You are logged on as root on a Posix system. This makes you SYSDBA by default.
Under Windows: Trusted authentication is enabled in
firebird.conf
, and you are logged on to the Windows account
that owns the database. This is possible in Firebird 2.1 and above.
Under Windows: Trusted authentication is enabled in
firebird.conf
, and you are logged on as a Windows
administrator. In Firebird 2.1, this automatically gives you
SYSDBA rights. In Firebird 2.5 and above, there is the
additional condition that AUTO ADMIN MAPPING has been set in
the database.
For clarity and brevity, the -U
and
-P
parameters are not used in the examples.
Starting with Firebird 2.5, instead of -P
<password>
you may also use -FE
<filename>
. This will cause nbackup to fetch the
password from the given file. With -FE
, the password itself
doesn't appear in the command and will thus be better shielded against people who might
otherwise pick it up via the command history, the w
command on Unix
or from a script or batchfile.
In Firebird 2.1 and up, the firing of database triggers can be prevented by
specifying the -T
option. For more information, see Suppressing database
triggers.
Starting with Firebird 2.1.4, it is possible to force direct I/O on or off by
specifying -D
on
or
-D
off
. For details and background see
Direct I/O,
elsewhere in this manual.
The different parameters (-B
, -U
etc.) may occur in any order.

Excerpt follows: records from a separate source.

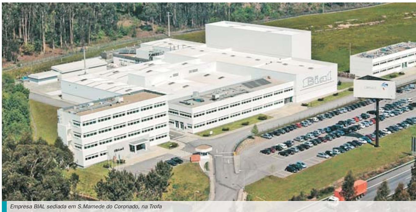
Empresa BIAL sediada em S.Mamede do Coronado, na Trofa

I&D, particularmente o lançamento no mercado mundial dos projectos que estão em fase mais adiantada, um antiepiléptico e um anti-parkinsoniano. O ciclo de inovação na indústria farmacêutica é um ciclo muito longo. Em média desde que se começa a sintetizar uma nova molécula até à sua entrada no mercado passam cerca de 13 anos. A previsível introdução no mercado dos nossos próprios produtos será a concretização de um sonho e o culminar de muitos anos de trabalho, de muita energia e de muita dedicação de toda a equipa Bial.
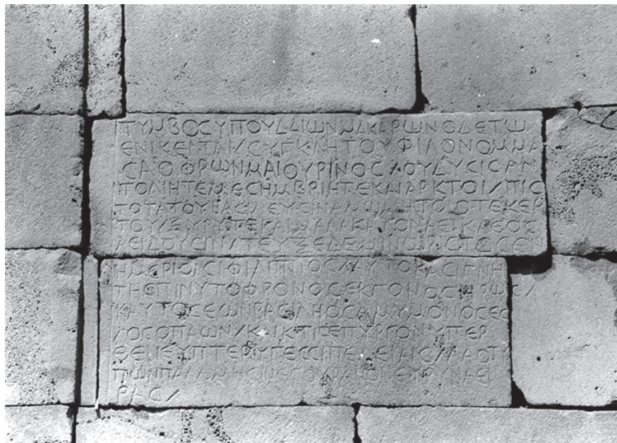
Figure 2. Épigramme funéraire grecque pour Maiorinus à Buṣr al-Ḥarīri, IGLS 15, 241.

« Ce tombeau appartient aux bienheureux qui séjournent sous la terre. Dans celui-ci repose le sage Maiorinus, figure chérie du Sénat, dont le Couchant, le Levant, le Midi et les Ourses ... chantent à jamais la vaste et magnifique gloire. Le meilleur des mortels Philippe l'a bâti, héros descendant de sa sœur avisée et lui-même noble compagnon d'un empereur sans reproche ; il a aussi fondé au-dessus une tour pour les pigeons aux ailes rapides, l'ayant élevée grâce aux mains des tailleurs de pierres jusqu'au vaste ciel. »
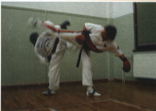
Priprava na tekmovanje

Ob praznovanju 25-letnice je ptujski klub v športni dvorani Center pripravil zanimiv prikaz borb in podelil priznanja najboljšim v posameznih kategorijah ter najzaslužnejšim športnim in strokovnim sodelavcem.
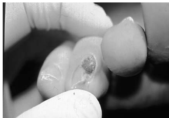
Figura 6. Otra visión del Fibroqueratoma Periungueal Adquirido en zona medial del tercer dedo.
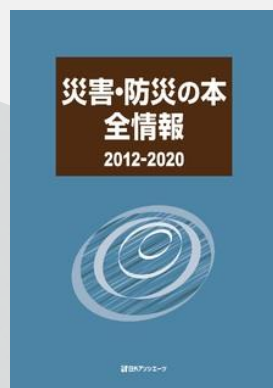
災害・防災の本全情報 2012-2020 (日外アソシエーツ) KP00041278
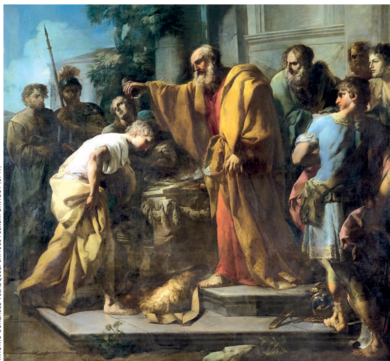
ANTONIO GONZÁLEZ VELÁZQUEZ: SÁMUEL FELKENI DÁVIDOT (1749)

Az Úr lelke szállt rá... Mármint Dávidra, a jópofa, de nem különleges kisserácra, hogy aztán Izrael leglegendásabb királya legyen. Nem azért, mert ő ilyen csodálatos volt – életútjának bőven voltak árnyékos szakaszai –, hanem mert olyan lelkület vezette, amelyet fentről kapott. Így tudott később jobban örülni
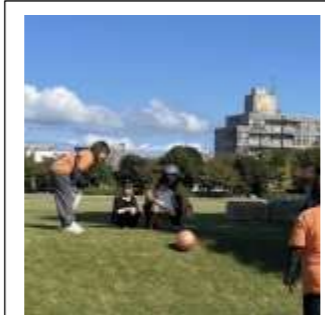
小さなお友だちもコロコロ~♪
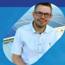
A cura di Marco Melucci

La blockchain è la tecnologia innovativa dalle innumerevoli applicazioni, fruibile in moltissimi ambiti. Si tratta di una rete informatica di nodi che gestisce in modo sicuro e univoco un registro pubblico composto da dati e informazioni, senza la necessità di un controllo centrale.
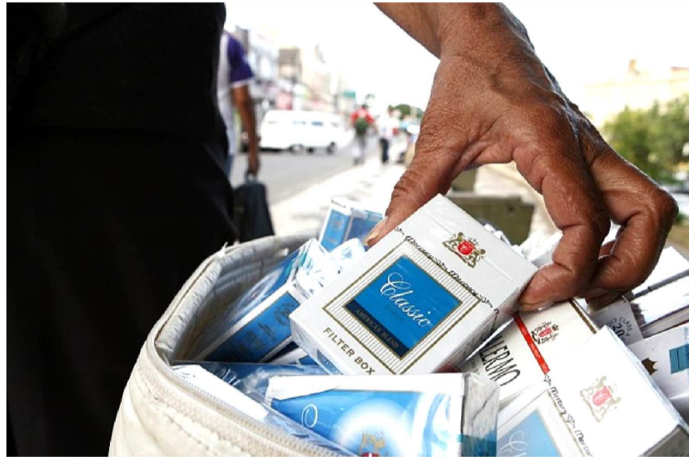
O LEVANTAMENTO MOSTRA QUE COMÉRCIO ILEGAL MOVIMENTOU R$ 356 MILHÕES

No conjunto do Nordeste, o problema também é grave: a região concentra a maior participação regional de cigarros piratas do Brasil — 43% do mercado regional contra uma média nacional de 32%. Entre os estados mais afetados, além do Maranhão, estão Piauí e Rio Grande do Norte, ambos com índices na casa dos 60%.
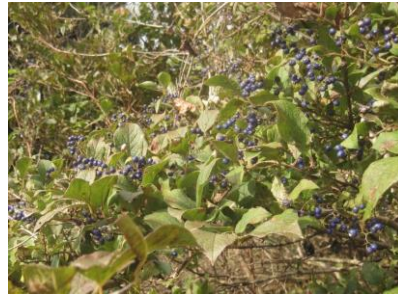
【余呉町中河内 焼き畑の実験栽培耕作跡地の植生調査】 タンナサワフタギ

Of course each parameter should be immediately followed by
its own argument(s). In the case of -B
there are three of them:
backup level, database, and backup file - in that order!
If the -B
parameter comes last, you
may leave out the name of the backup file. In that case nbackup
will compose a filename based on the database name, the backup level, and the current
date and time. This can lead to a name clash (and a failed backup) if two backup
commands of the same level are issued in the same minute.

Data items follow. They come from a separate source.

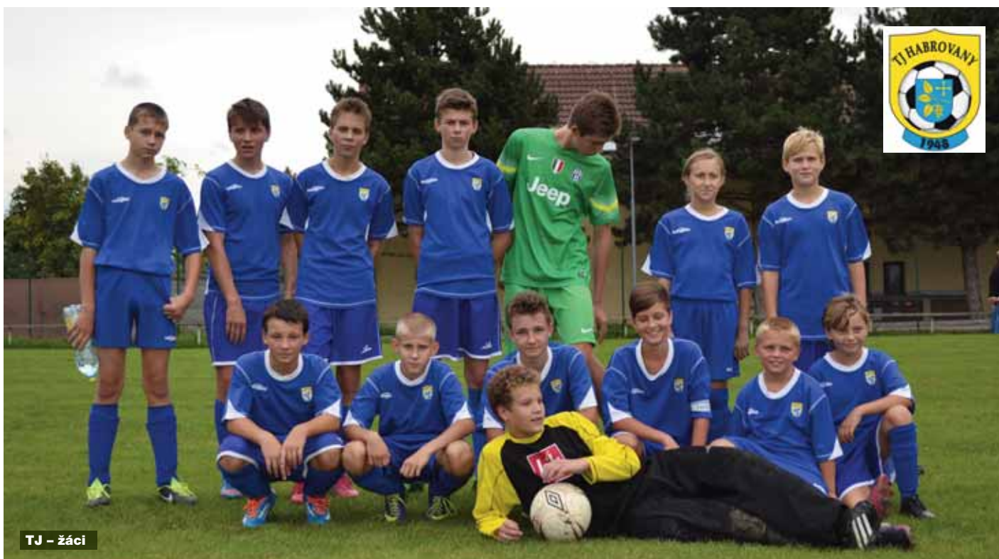
TJ - žáci
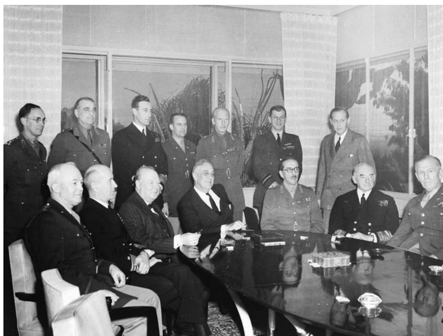
Američtí a britští vojenští představitelé během jednání na konferenci v marocké Casablance v lednu 1943. Sedící třetí zleva je zachycen britský premiér Winston Churchill, po jeho levici sedí americký prezident Franklin Delano Roosevelt.

Koncem roku 1942 a v roce 1943 pokračovalo strategické bombardování Německa a jím okupovaných území. Již v únoru 1942 se přitom britská strana rozhodla pro metodu plošného bombardování městských aglomerací a předehrou k těmto masovým úderům se staly tzv. tisícové nálety britského Velitelství bombardovacího letectva na Kolín nad Rýnem (30. května), na Essen (1. června) a Brémy (25. června). Po konferenci v Casablance a přísunu prvních součástí 8. letecké armády
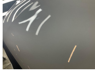
Motor kaputu, Motor kaputu > Yakıcı Madde İle Zarar Görmüş
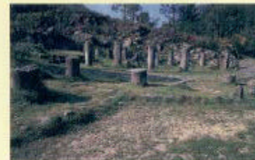
Os Milenarios situados o lado da Calzada Romana ou Vía Nova

Poderá dar un paseo por toda veira do río e en menos de media hora atopará excavacións, coas minas de época. Dos Romanos, e fervezas da (Fecha) os marcos milenarios, a vía romana que unía "Astorga e Braga", e varias rutas de sendeirismo, todo isto sen precisar de coiler o coche.

Do not use nbackup for multi-file databases. This can lead to corruption and loss of data, despite the fact that nbackup will not complain about such a command.

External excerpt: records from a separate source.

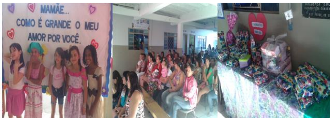
Figura 15. Diferentes imagens da comemoração do Dia das Mães promovida pelos PIBIDIANOS e professores regentes da EMEF Professor Francisco Joaquim de Paiva
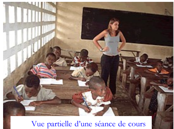
Vue partielle d'une séance de cours d'appui à des élèves
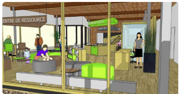
Perspective du hall Conception : Manon Charpentier

Cet espace montrera aux visiteurs les manières d'envisager un jardin écologique, pour poursuivre la réflexion hors de la maison. Conçu comme un outil d'éducation, d'observation et de découverte, il présentera les différents aspects de la diversité biologique, la rotation des cultures et du recyclage matière-énergie.
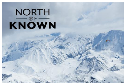
Film North of Known
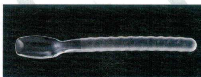
10-969-14 H-70-57 AC/WSS-11 角スプーン透明 ¥320 (19.7)
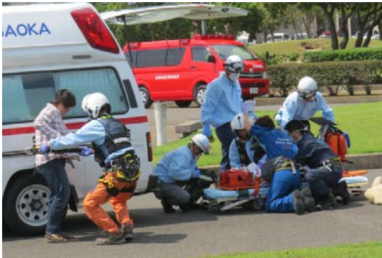
笠岡市救急搬送(平成26年6月7日)
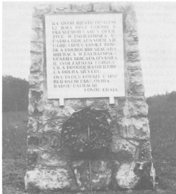
Spomen-ploča na Donjim Barama, Sutjeska

Spomen-ploča u Foči u počast borcima koji su izgubili život u virovima Drine, ožujka 1943. godine

Note: What follows here is not necessary knowledge to use nbackup. It just gives a
rough (and incomplete) impression of what happens under the hood during execution of
nbackup -B
:
First of all, the main database file is locked by changing an internal state flag. From this moment on, any and all mutations in the database are written to a temporary file - the difference file or delta file.
Then the actual backup is made. This isn't a straight file copy; restoring must be done by nbackup as well.
Upon completion of the backup, the contents of the delta file are integrated with the main database file. After that, the database is unlocked (flag goes back to “normal”) and the delta is removed.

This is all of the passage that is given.